**Data shown**
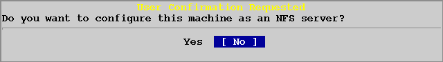 Эти службы могут быть настроены и после установки посредством команды /stand/sysinstall. Если у вас нет необходимости в установке Network File System сервера и клиента, выбирите [No] как показано в этом примере.
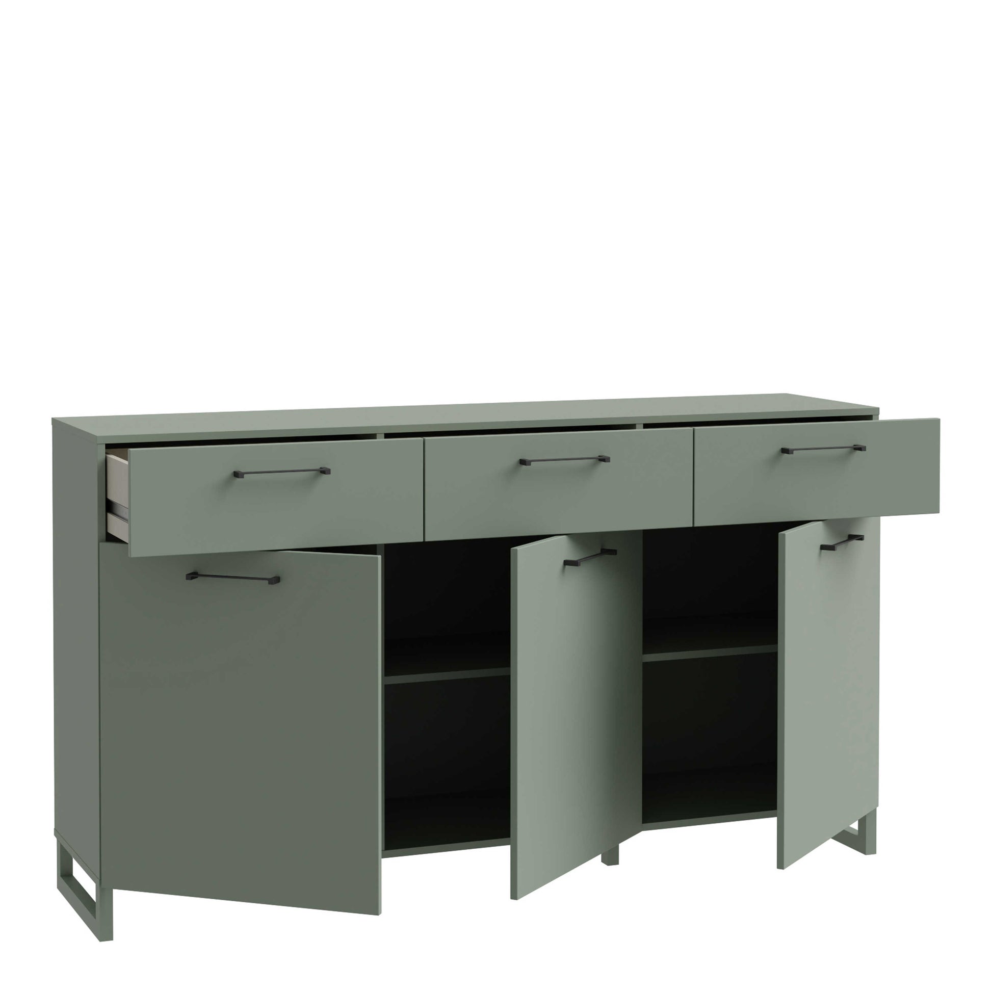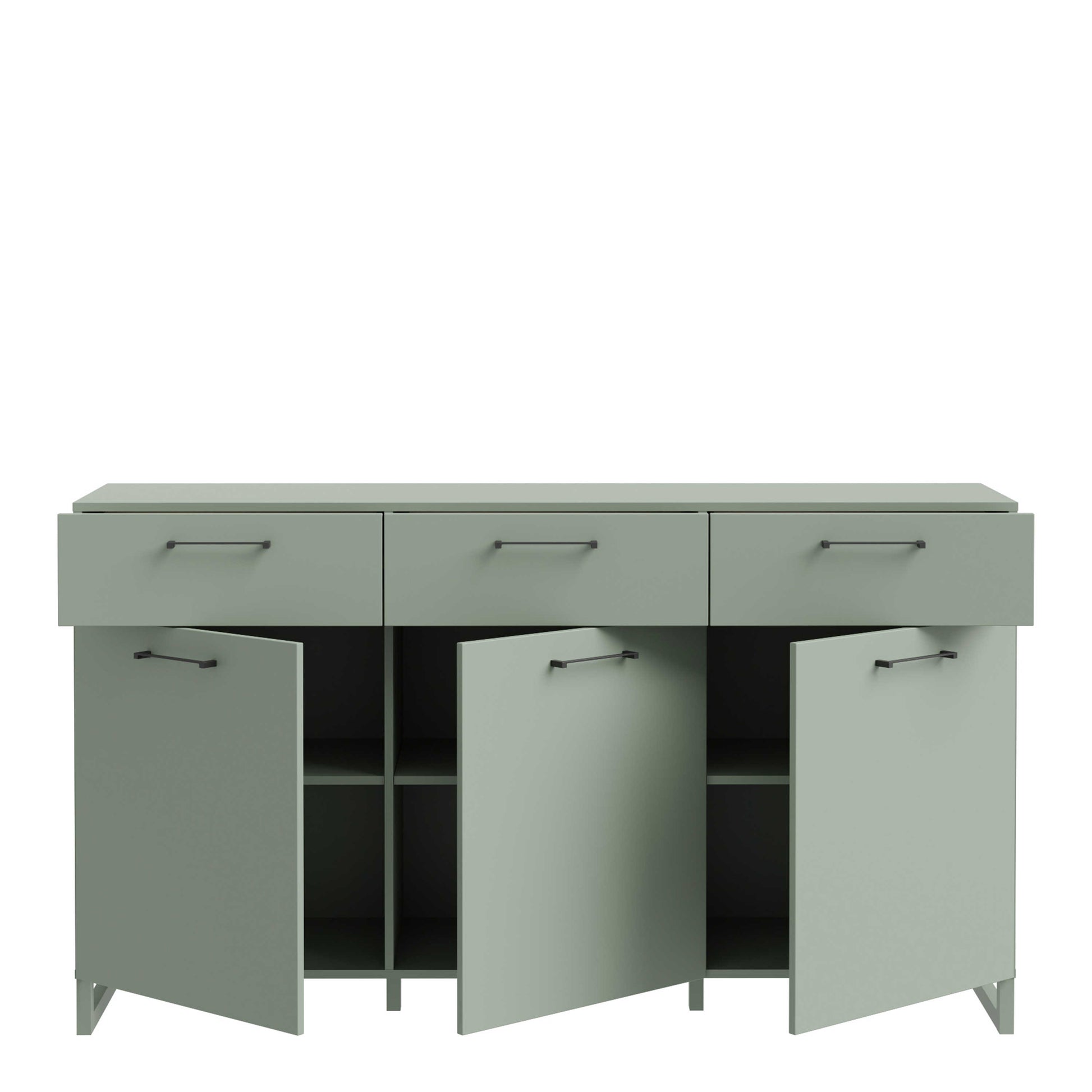 This sage green three door three drawer chest brings a calm, grounded feel to any room, blending modern organic style with earthy design cues. The soft green finish pairs with bold matte black metal handles to create a refined statement piece that works beautifully with pale wooden floors, warm beige textures, muted grey walls or soft cream interiors. It adds an understated sense of tranquillity while keeping your space feeling curated and contemporary.
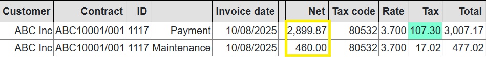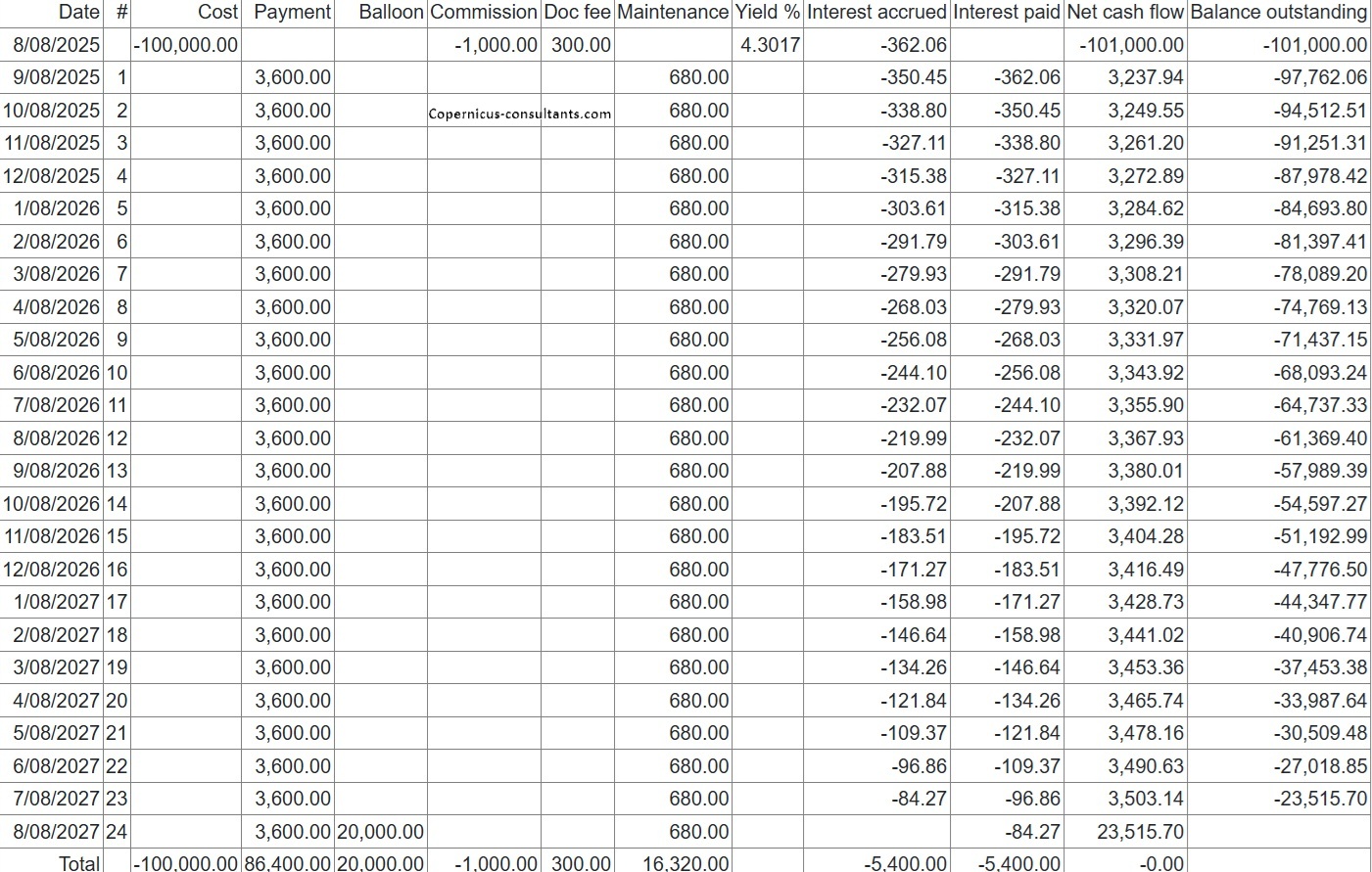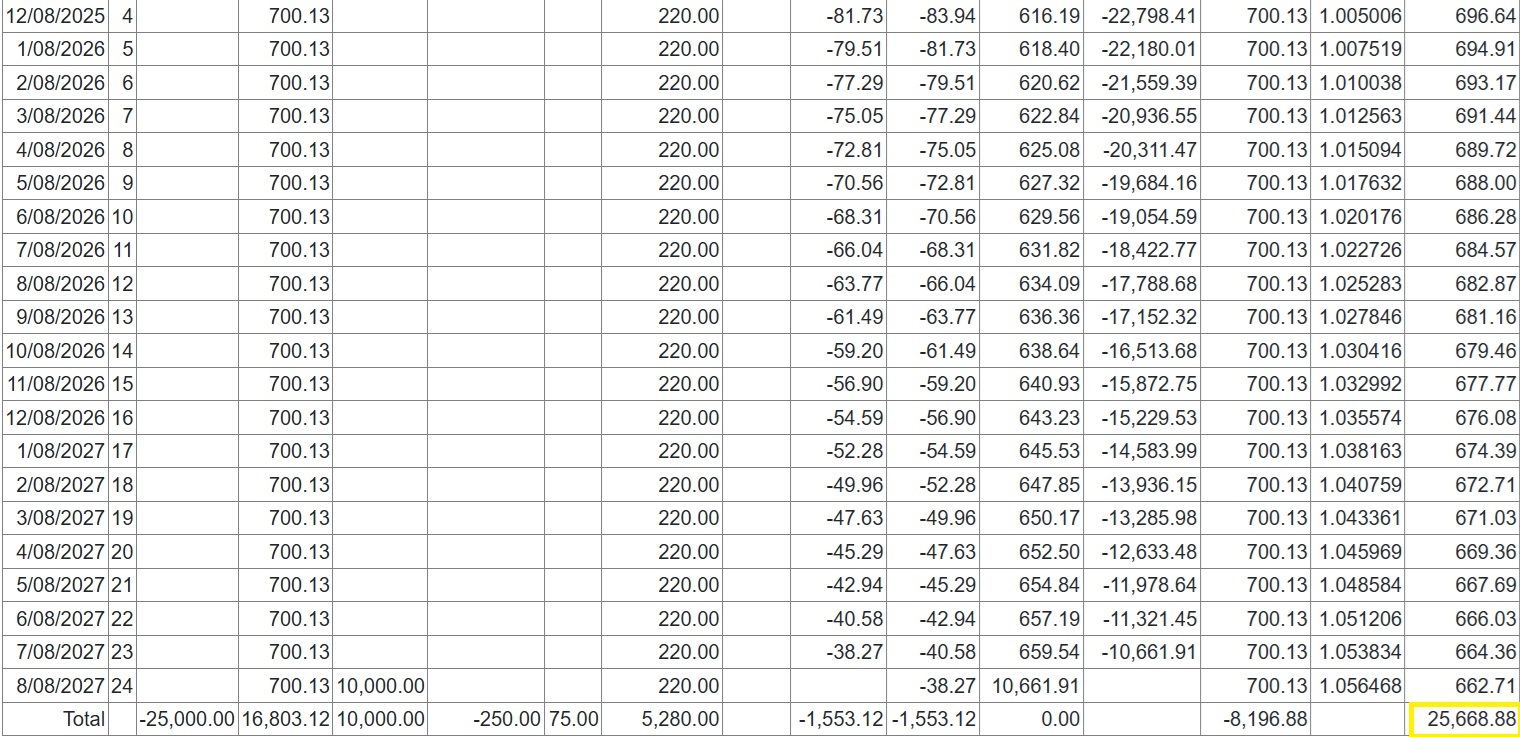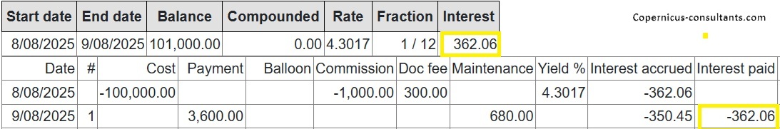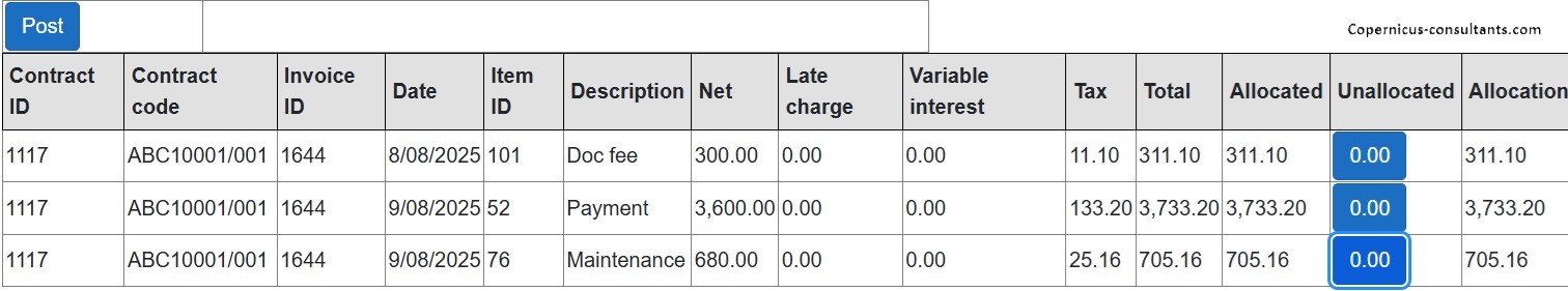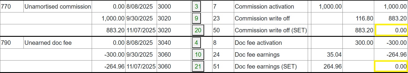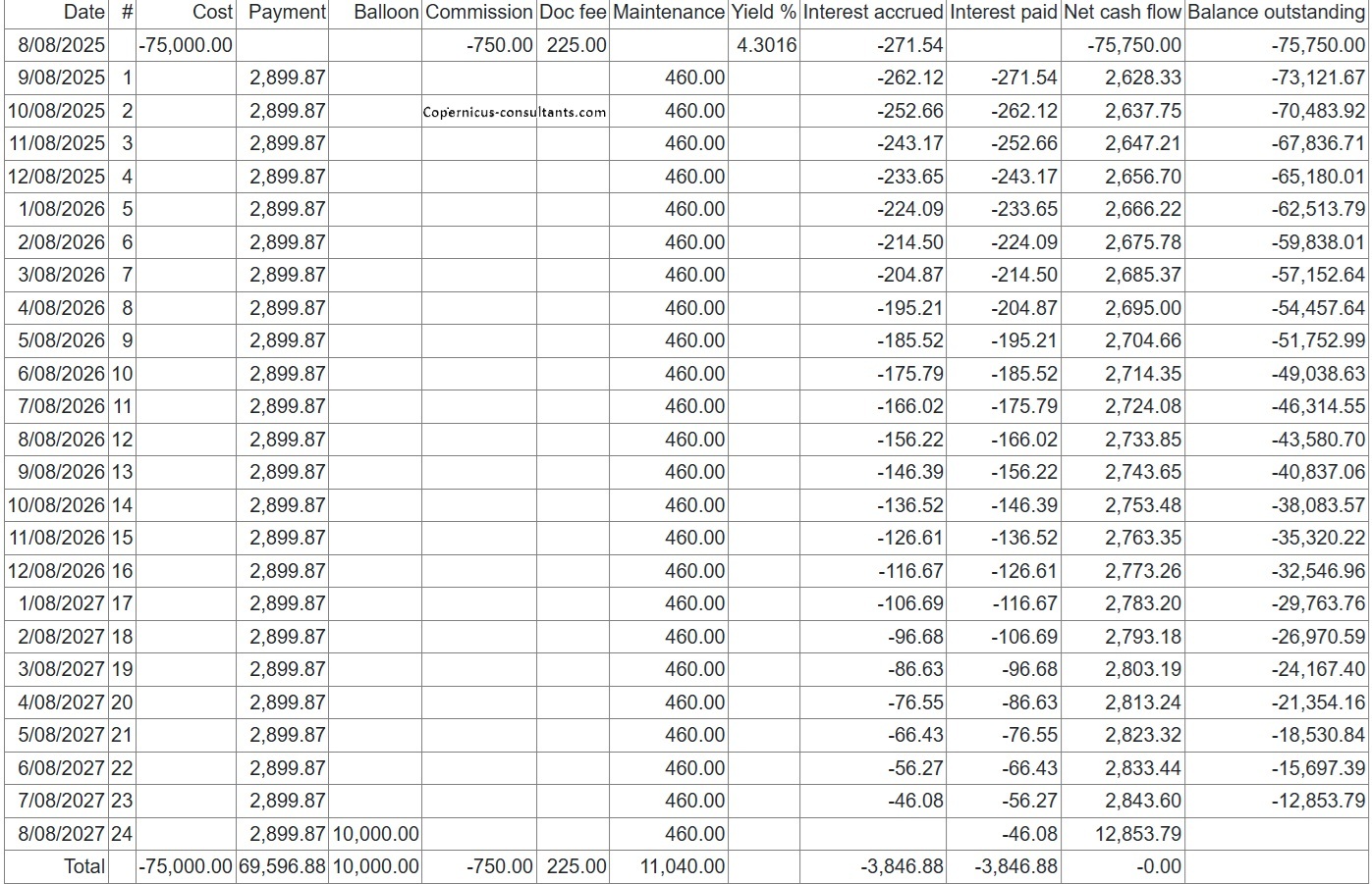 Full and partial settlements (payoffs). Copernicus enables a Quote (with expiry date) and Process (within expiry date) approach to settlements. Settlements can also be reversed using the “Undo” option. Below is a detailed example of a partial settlement. It is based on 4 assets each costing 25,000 with balloons of 5,000, 5,000, 0 and 10,000. As you can see the balloons are not simply a prorata of the total baloon of 20,000 for assets 3 and 4. if we settle one of the first 2 assets then we would expect the payment reduction to be 25% of the total payment of 3,600. This is how the Trial Balance (TB) looks after processing Aug and Sep 2025

**Your goal**
Please transcribe the listing above verbatim and exclude every picture.

**Solution for this task**
 Эти службы могут быть настроены и после установки посредством команды /stand/sysinstall. Если у вас нет необходимости в установке Network File System сервера и клиента, выбирите [No] как показано в этом примере.
 This sage green three door three drawer chest brings a calm, grounded feel to any room, blending modern organic style with earthy design cues. The soft green finish pairs with bold matte black metal handles to create a refined statement piece that works beautifully with pale wooden floors, warm beige textures, muted grey walls or soft cream interiors. It adds an understated sense of tranquillity while keeping your space feeling curated and contemporary.
 Full and partial settlements (payoffs). Copernicus enables a Quote (with expiry date) and Process (within expiry date) approach to settlements. Settlements can also be reversed using the “Undo” option. Below is a detailed example of a partial settlement. It is based on 4 assets each costing 25,000 with balloons of 5,000, 5,000, 0 and 10,000. As you can see the balloons are not simply a prorata of the total baloon of 20,000 for assets 3 and 4. if we settle one of the first 2 assets then we would expect the payment reduction to be 25% of the total payment of 3,600. This is how the Trial Balance (TB) looks after processing Aug and Sep 2025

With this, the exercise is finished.